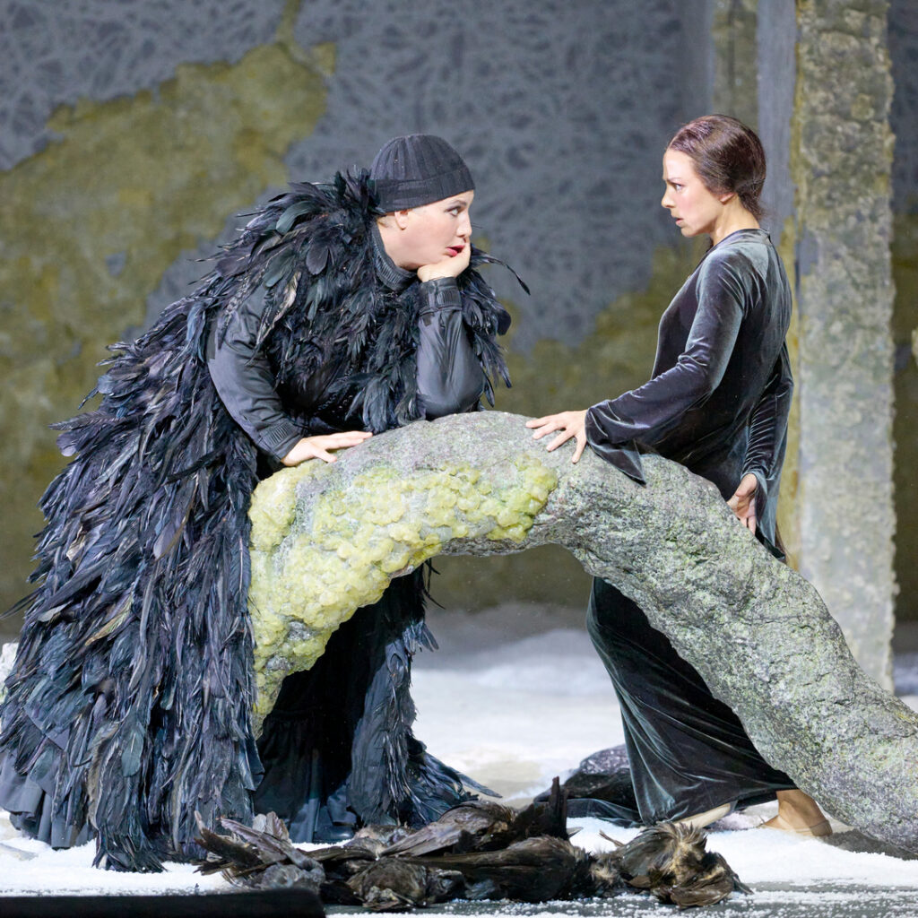 Příjemné bylo dívčí trio lesních žínek, zpočátku lehce rozverné, později dravě krvežíznivé. První soprán Anny Voshege měkce zářil, druhý soprán Julietty Mars sametově hladil a jen mezzosoprán Darii Suschkové byl o něco ostřejší, což někdy narušovalo soulad tria. V menších rolích příjemně překvapili jako Hajný Stefan Astakhov, německý barytonista s ruskými kořeny, a australská mezzosopranistka Margaret Plummer jako Kuchtička – oba přinesli přirozený pěvecký projev a překvapivě dobrou češtinu. Měkký zpěv nabídl i ukrajinský barytonista Nikita Ivasechko jako Lovec za scénou.
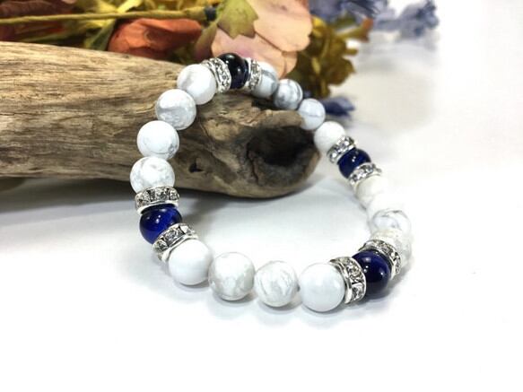 こちらは、8mm玉のブルータイガーアイとハウライトを使用したパワーストーンブレスレットです。間にはロンデルを挟み高級感ある大人っぽいデザインに仕上がっています。内径約15cmです。気になる方は是非この機会にどうぞ。
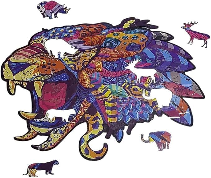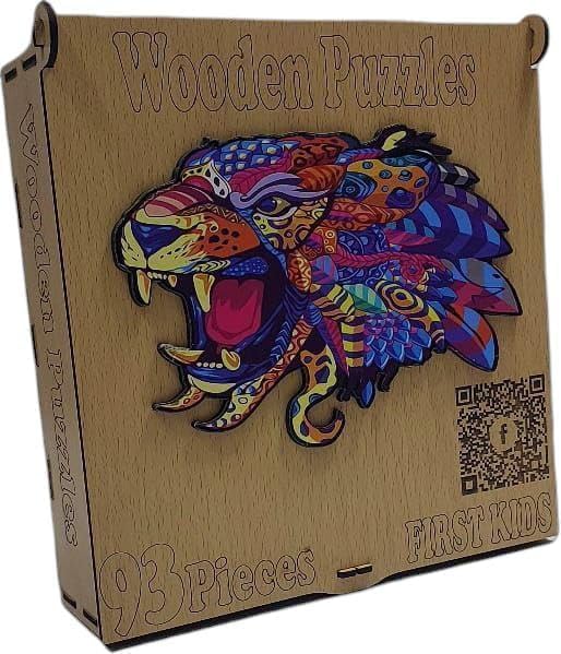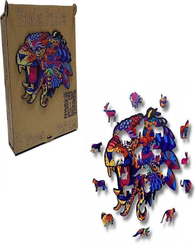 - أحجية خشبية بتصميم نمر في صندوق خشبي (93 قطعة) أحجية فريدة وغير منتظمة، لعبة ممتعة وصعبة للبالغين والأطفال، هدية مثالية للديكور والفن.
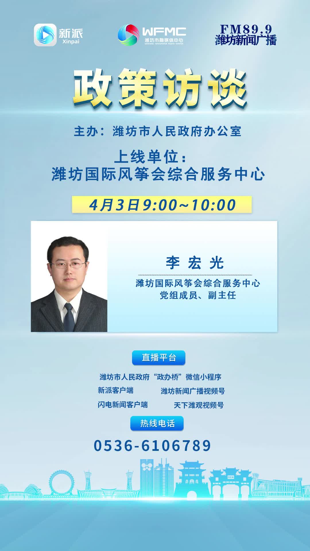 4月3日上午9:00~10 00,濰坊國際風(fēng)箏會綜合服務(wù)中心黨組成員、副主任李宏光將走進市融媒體中心新聞頻率《政策訪談》欄目直播間,敬請關(guān)注!
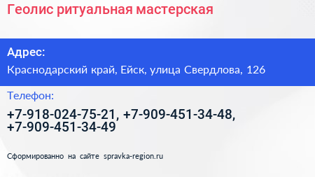 Геолис, ритуальная мастерская по адресу Краснодарский край, Ейск, улица Свердлова, 126 в дальнейшем Организация, размещена в следующих категориях:
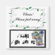 Dishwashing magnet that has "Clean! Please out away! and Do not use! Dirty!" The clean side has a vine around it, and the dirty side has a border around it and a stack of dirty dishes.

----

» **PROBLEM**
Restate the records above verbatim. Pictures stay out.

» **ANSWER BOX**
 Příjemné bylo dívčí trio lesních žínek, zpočátku lehce rozverné, později dravě krvežíznivé. První soprán Anny Voshege měkce zářil, druhý soprán Julietty Mars sametově hladil a jen mezzosoprán Darii Suschkové byl o něco ostřejší, což někdy narušovalo soulad tria. V menších rolích příjemně překvapili jako Hajný Stefan Astakhov, německý barytonista s ruskými kořeny, a australská mezzosopranistka Margaret Plummer jako Kuchtička – oba přinesli přirozený pěvecký projev a překvapivě dobrou češtinu. Měkký zpěv nabídl i ukrajinský barytonista Nikita Ivasechko jako Lovec za scénou.
 こちらは、8mm玉のブルータイガーアイとハウライトを使用したパワーストーンブレスレットです。間にはロンデルを挟み高級感ある大人っぽいデザインに仕上がっています。内径約15cmです。気になる方は是非この機会にどうぞ。
 - أحجية خشبية بتصميم نمر في صندوق خشبي (93 قطعة) أحجية فريدة وغير منتظمة، لعبة ممتعة وصعبة للبالغين والأطفال، هدية مثالية للديكور والفن.
 4月3日上午9:00~10 00,濰坊國際風(fēng)箏會綜合服務(wù)中心黨組成員、副主任李宏光將走進市融媒體中心新聞頻率《政策訪談》欄目直播間,敬請關(guān)注!
 Геолис, ритуальная мастерская по адресу Краснодарский край, Ейск, улица Свердлова, 126 в дальнейшем Организация, размещена в следующих категориях:
 Dishwashing magnet that has "Clean! Please out away! and Do not use! Dirty!" The clean side has a vine around it, and the dirty side has a border around it and a stack of dirty dishes.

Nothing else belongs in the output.